Reputation: 2620
Field value query is giving unexpected results when any special character(@,=,#,$,%,^,*) is passed.
please find the 4 sample docs I have inserted in to ML.
<root>
<journalTitle>Dinesh</journalTitle>
<sourceType>JA</sourceType>
<title>title1</title>
<volume>volume0</volume>
</root>
<root>
<journalTitle>Gayari</journalTitle>
<sourceType>JA</sourceType>
<title>title1</title>
<volume>volume0</volume>
</root>
<root>
<journalTitle>Dixit</journalTitle>
<sourceType>JA</sourceType>
<title>title1</title>
<volume>volume0</volume>
</root>
<root>
<journalTitle>Singla</journalTitle>
<sourceType>JA</sourceType>
<title>title1</title>
<volume>volume0</volume>
</root>
CTS Query :
cts:search(
fn:doc(),
cts:field-value-query("Sample","#@#@#@*()", ("unwildcarded")),
"unfiltered"
)
On running this query I am getting all the documents.

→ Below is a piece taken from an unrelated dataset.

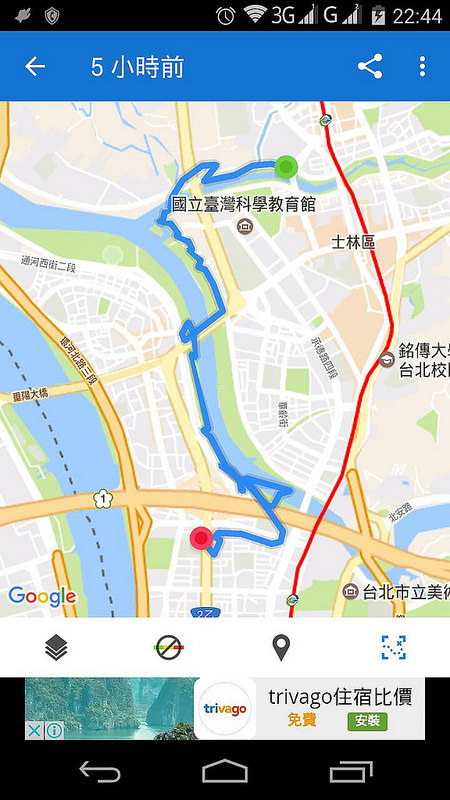 快樂手機上的路線圖。另一個檔案顯示我在1小時3分鐘內,走了7.3公里-幾乎是比我慢跑的速度還快。想也不可能,因為圖中間的藍色線段竟然飄到基隆河對岸的劍潭又再飛回來。

As per my understanding, it should return an empty sequence.
please find below the field I have created.
Field (in XML format) :
<field xmlns:xsi="http://www.w3.org/2001/XMLSchema-instance" xmlns="http://marklogic.com/xdmp/database">
<field-name>Sample</field-name>
<field-path>
<path>/root/journalTitle</path>
<weight>1.0</weight>
</field-path>
<word-lexicons/>
<included-elements/>
<excluded-elements/>
<tokenizer-overrides/>
</field>
Index setting:
If I will add any alphabet(s) in the search string it will give me the correct results.
Like:
Please help me to resolve this issue?
Upvotes: 1
Views: 303
Reputation: 201
In the 'tokenizer overrides' option for your field, add these special character(@,=,#,$,%,^,*) as words (select 'word').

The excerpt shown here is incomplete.